Her second boyfriend had been a control freak, and while he’d wanted to control Cali, she’d freed the shackles of that three-month fling pretty quickly. Then Marty. As Dr. Roberts had said, not all relationships were bad. She had loved Marty.
He’d gotten a dream job offer in New York, and he hadn’t wanted to go alone. The night she’d gone to break the news to her mom, her mom had broken her own news first. She’d found a lump. Cali couldn’t leave her mother, and Marty couldn’t turn down the job of a lifetime. Both had made choices.
He had visited the first few months, twice, but as Marty had put it, “Long distance relationships are hard nuts to crack.” But Cali’s heart had cracked. She had lost the man she loved and, at the same time, she’d been fighting not to lose her mom.
After that, Cali had gone through her mom’s up and down dance with cancer.
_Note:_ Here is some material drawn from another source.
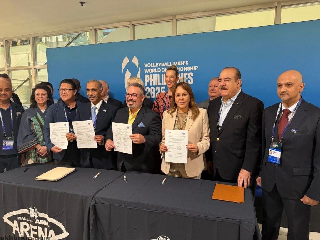 شهدت العاصمة الفلبينية امس، وعلى هامش بطولة العالم للكرة الطائرة، توقيع اتفاقية شراكة وتعاون بين الاتحاد الدولي للكرة الطائرة والاتحاد العربي للكرة الطائرة، تهدف إلى اعتماد البطولات العربية وتنظيمها بشكل رسمي تحت إشراف مشترك، بما يعزز مكانة الكرة الطائرة العربية ويمنحها اعترافاً دولياً أوسع. وقد حضر مراسم التوقيع كل من رئيس الاتحاد الدولي فابيو أزديڤو، والنائب الأول للرئيس مارتي هوفيز، ومن الجانب العربي الشيخ علي آل خليفة رئيس الاتحاد العربي، والأميرة آية بنت عبد الله بن الحسين عضو مجلس إدارة الاتحاد الدولي، و بشرى حجيج نائبة رئيس الاتحاد الدولي ونائبة رئيس الاتحاد العربي.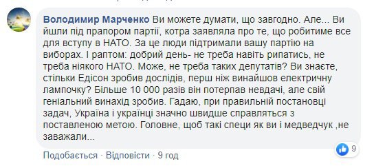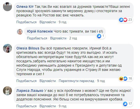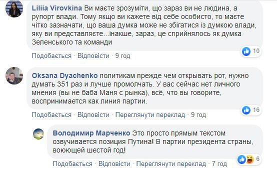 При этом в комментариях под новостью пользователи раскритиковали ее объяснения, отметив и слабую согласованность слов политиков с заявленной позицией президентской партии, и отсутствие опыта и слабую теоретическую подготовку. Следует отметить, что были и позитивные комментарии – нардепа хвалили за смелость и искренность.

Not until Stan had paid for her coffee that September morning had she even considered indulging in a relationship. Sad as it sounded, she hadn’t missed sex or men. Being with Stan convinced Cali that she hadn’t missed out on much. But meeting Brit sure had.
With her relationship evidence laid out in her mind, she didn’t feel so bad. Yeah, she’d known a few jerks, and she’d admit that she needed to learn to be a better bitch. But she hadn’t been anyone’s doormat.
Unable to sleep, she flipped on the lamp and followed her bladder to the master bathroom. Once relieved, she went to the sink and rinsed her hands. Running her tongue over her gummy-feeling teeth, she tried to open the medicine cabinet, in hopes of finding a new toothbrush.